Danglars followed Edmond and Mercédès with his eyes until the two lovers disappeared behind one of the angles of Fort Saint Nicolas; then, turning round, he perceived Fernand, who had fallen, pale and trembling, into his chair, while Caderousse stammered out the words of a drinking-song.

“Well, my dear sir,” said Danglars to Fernand, “here is a marriage which does not appear to make everybody happy.”

“It drives me to despair,” said Fernand.

“Do you, then, love Mercédès?”

“I adore her!”

“For long?”

“As long as I have known her—always.”

“And you sit there, tearing your hair, instead of seeking to remedy your condition; I did not think that was the way of your people.”

“What would you have me do?” said Fernand.

“How do I know? Is it my affair? I am not in love with Mademoiselle Mercédès; but for you—in the words of the gospel, seek, and you shall find.”

“I have found already.”

“What?”

“I would stab the man, but the woman told me that if any misfortune happened to her betrothed, she would kill herself.”

“Pooh! Women say those things, but never do them.”

“You do not know Mercédès; what she threatens she will do.”

“Idiot!” muttered Danglars; “whether she kill herself or not, what matter, provided Dantès is not captain?”

“Before Mercédès should die,” replied Fernand, with the accents of unshaken resolution, “I would die myself!”

“That’s what I call love!” said Caderousse with a voice more tipsy than ever. “That’s love, or I don’t know what love is.”

“Come,” said Danglars, “you appear to me a good sort of fellow, and hang me, I should like to help you, but——”

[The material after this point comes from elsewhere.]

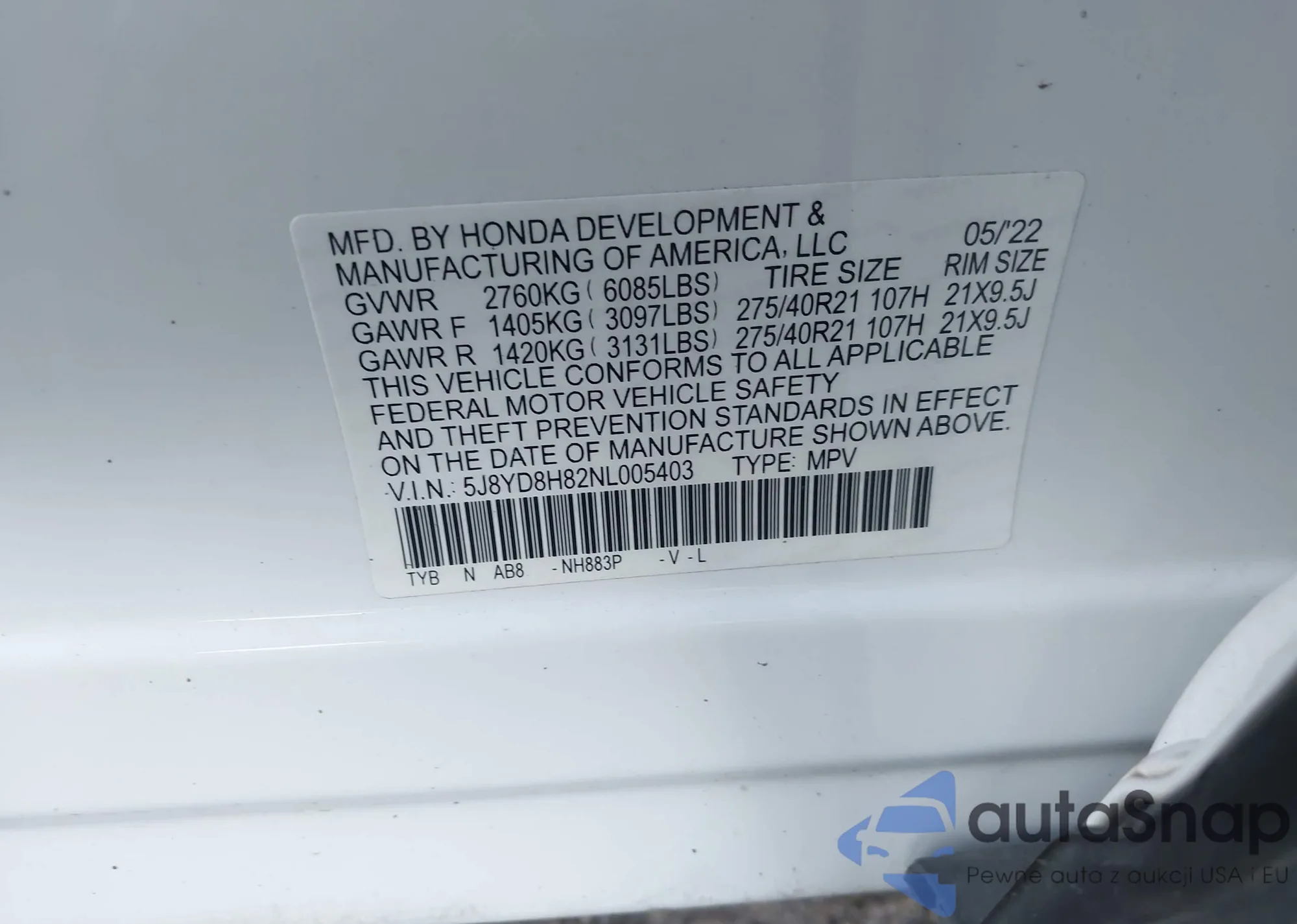 • VIN 5J8YD8H82NL005403

“Yes,” said Caderousse, “but how?”

“My dear fellow,” replied Danglars, “you are three parts drunk; finish the bottle, and you will be completely so. Drink then, and do not meddle with what we are discussing, for that requires all one’s wit and cool judgment.”

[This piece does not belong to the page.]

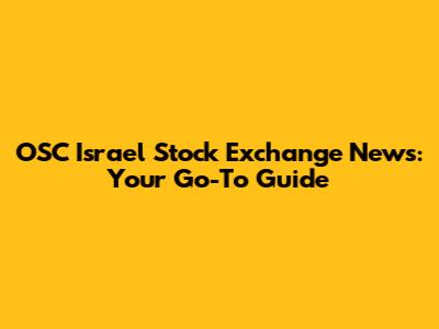 OSC Israel Stock Exchange: Latest News & Insights

“I—drunk!” said Caderousse; “well that’s a good one! I could drink four more such bottles; they are no bigger than cologne flasks. Père Pamphile, more wine!”

And Caderousse rattled his glass upon the table.

“You were saying, sir——” said Fernand, awaiting with great anxiety the end of this interrupted remark.

“What was I saying? I forget. This drunken Caderousse has made me lose the thread of my sentence.”

“Drunk, if you like; so much the worse for those who fear wine, for it is because they have bad thoughts which they are afraid the liquor will extract from their hearts;” and Caderousse began to sing the two last lines of a song very popular at the time:

‘Tous les méchants sont buveurs d’eau;

C’est bien prouvé par le déluge.’1

“You said, sir, you would like to help me, but——”

“Yes; but I added, to help you it would be sufficient that Dantès did not marry her you love; and the marriage may easily be thwarted, methinks, and yet Dantès need not die.”

“Death alone can separate them,” remarked Fernand.

“You talk like a noodle, my friend,” said Caderousse; “and here is Danglars, who is a wide-awake, clever, deep fellow, who will prove to you that you are wrong. Prove it, Danglars. I have answered for you. Say there is no need why Dantès should die; it would, indeed, be a pity he should. Dantès is a good fellow; I like Dantès. Dantès, your health.”

Fernand rose impatiently. “Let him run on,” said Danglars, restraining the young man; “drunk as he is, he is not much out in what he says. Absence severs as well as death, and if the walls of a prison were between Edmond and Mercédès they would be as effectually separated as if he lay under a tombstone.”